Finally separated from cheating man child husband

Anonymous
Anonymous wrote:
Anonymous wrote:
Anonymous wrote:
Anonymous wrote:You sound slightly crazy too.


+1. Clearly some unmanaged mental health issues going on there, which probably did result in abuse towards the STBX.


Can you elaborate?


Did you read the posts? Everyone around them seems to agree she's abusive. She demonstrated an entitled attitude, complaining that her STBX doesn't want to pay for her living arrangements and that he previously didn't want to keep trying IVF.

It appears she had a mental breakdown after suffering the two miscarriages and never got the help she needed to get past them.

Yea, him cheating on her, drinking all night, carousing, wouldn't impact her mental well being at all, nope, no sireee..
Anonymous
Anonymous wrote:
Anonymous wrote:
Anonymous wrote:
Anonymous wrote:
Anonymous wrote:You sound slightly crazy too.
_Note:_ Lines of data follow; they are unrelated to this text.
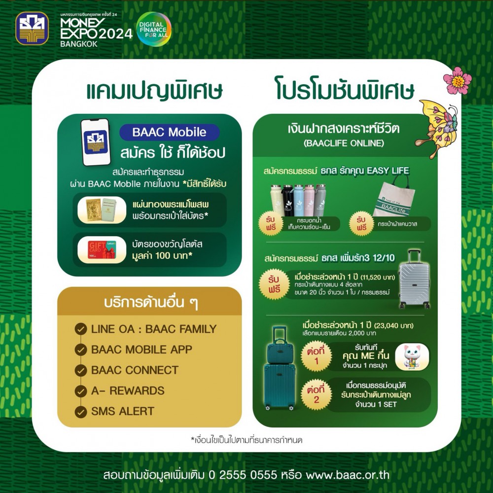 เมื่อเปิดบัญชีหรือฝากเงินบัญชีออมทรัพย์ 58,000 บาทขึ้นไป และคงยอดเงินไว้ 3 เดือน รับสิทธิ์จุ่ม มัง แมว 1 ตัว (1 บัญชี/สิทธิ์ จำกัด 58 สิทธิ์ต่อวัน) หรือเมื่อสมัครใช้ BAAC Mobile และทำธุรกรรมผ่านแอปพลิเคชันภายในงาน มีสิทธิ์ลุ้นรับแผ่นทอง พระแม่โพสพ พร้อมกระเป๋าใส่บัตร หรือบัตรของขวัญโลตัส มูลค่า 100 บาท และเมื่อทำธุรกรรมใดก็ได้ภายในบูธ ครบ 2,000 บาท รับสิทธิ์สุ่มของที่ระลึกมากมาย เช่น มัง แมว Dragon Cats กระเป๋า และสินค้าที่ระลึกสุดพรีเมียม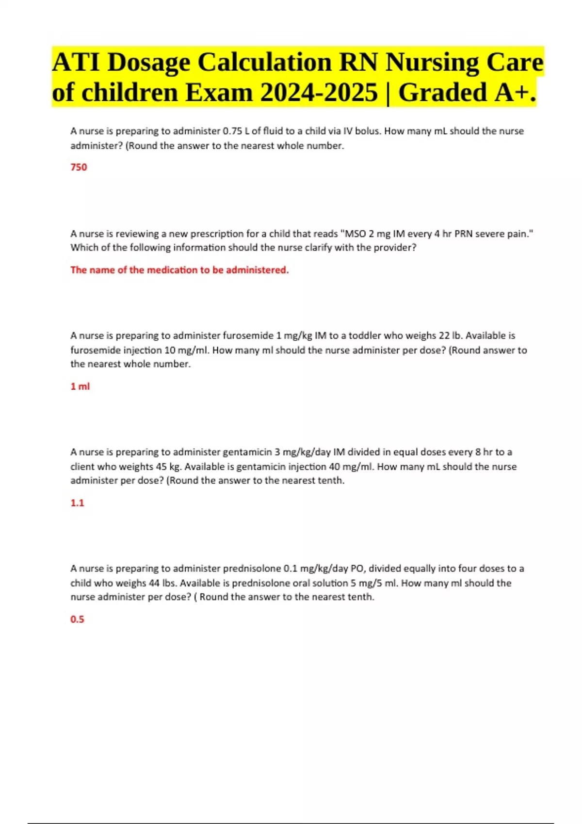 ATI Dosage Calculation RN Nursing Care of children Exam Graded A+. A nurse is reviewing a new prescription for a child that reads "MSO 2 mg IM every 4 hr PRN severe pain." Which of the following information should the nurse clarify with the provider? The name of the medication to be administered. A nurse is preparing to administer furosemide 1 mg/kg IM to a toddler who weighs 22 lb. Available is furosemide injection 10 mg/ml. How many ml should the nurse administer per dose? (Round answer to the nearest whole number. 1 ml A nurse is preparing to administer gentamicin 3 mg/kg/day IM divided in equal doses every 8 hr to a client who weights 45 kg. Available is gentamicin injection 40 mg/ml. How many mL should the nurse administer per dose? (Round the answer to the nearest tenth.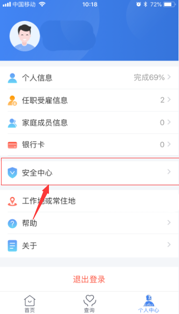 2、进入到了的个人中心的界面当中,点击安全中心的选项。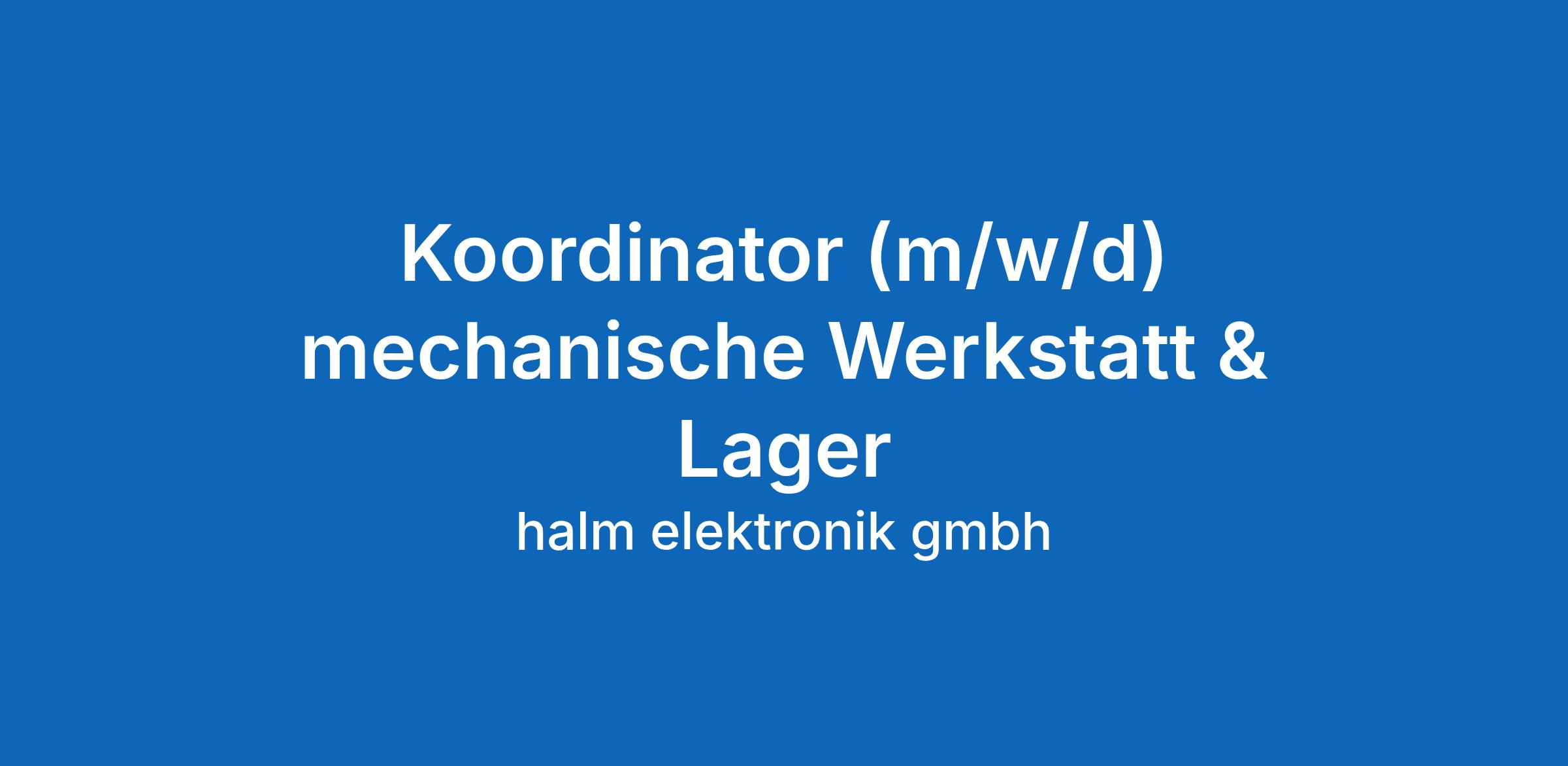 Koordinator (m/w/d) mechanische Werkstatt & Lager

+1. Clearly some unmanaged mental health issues going on there, which probably did result in abuse towards the STBX.


Can you elaborate?


Did you read the posts? Everyone around them seems to agree she's abusive. She demonstrated an entitled attitude, complaining that her STBX doesn't want to pay for her living arrangements and that he previously didn't want to keep trying IVF.
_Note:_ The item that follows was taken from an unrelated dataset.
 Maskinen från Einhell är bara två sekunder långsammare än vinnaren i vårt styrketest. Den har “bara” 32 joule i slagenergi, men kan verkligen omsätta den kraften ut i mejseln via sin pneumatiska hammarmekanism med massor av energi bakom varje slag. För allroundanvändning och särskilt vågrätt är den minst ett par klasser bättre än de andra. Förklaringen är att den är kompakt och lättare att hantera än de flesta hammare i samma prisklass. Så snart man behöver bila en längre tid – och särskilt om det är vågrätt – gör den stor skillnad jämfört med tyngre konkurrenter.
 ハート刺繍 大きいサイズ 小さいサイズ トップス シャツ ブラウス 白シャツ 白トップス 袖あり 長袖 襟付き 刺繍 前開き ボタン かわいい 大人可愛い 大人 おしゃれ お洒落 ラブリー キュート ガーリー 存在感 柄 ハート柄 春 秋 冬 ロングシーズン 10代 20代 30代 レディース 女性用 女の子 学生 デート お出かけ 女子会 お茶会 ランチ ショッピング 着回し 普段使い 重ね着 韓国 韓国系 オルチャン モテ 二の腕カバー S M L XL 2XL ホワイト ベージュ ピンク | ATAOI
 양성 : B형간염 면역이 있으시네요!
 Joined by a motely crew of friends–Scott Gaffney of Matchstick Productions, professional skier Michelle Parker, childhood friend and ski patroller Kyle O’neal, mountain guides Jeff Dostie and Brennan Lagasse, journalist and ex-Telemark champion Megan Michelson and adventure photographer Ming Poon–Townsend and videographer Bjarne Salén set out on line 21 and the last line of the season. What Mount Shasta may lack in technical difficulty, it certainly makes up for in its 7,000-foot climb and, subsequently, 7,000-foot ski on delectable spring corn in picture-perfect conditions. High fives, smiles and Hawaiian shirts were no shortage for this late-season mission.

It appears she had a mental breakdown after suffering the two miscarriages and never got the help she needed to get past them.

Yea, him cheating on her, drinking all night, carousing, wouldn't impact her mental well being at all, nope, no sireee..


How do you expect people to deal with an abusive spouse over multiple years? Yes, he probably should have just left her years ago, but that's hard on everyone in different ways.
Anonymous
Anonymous wrote:
Anonymous wrote:
Anonymous wrote:
Anonymous wrote:You sound slightly crazy too.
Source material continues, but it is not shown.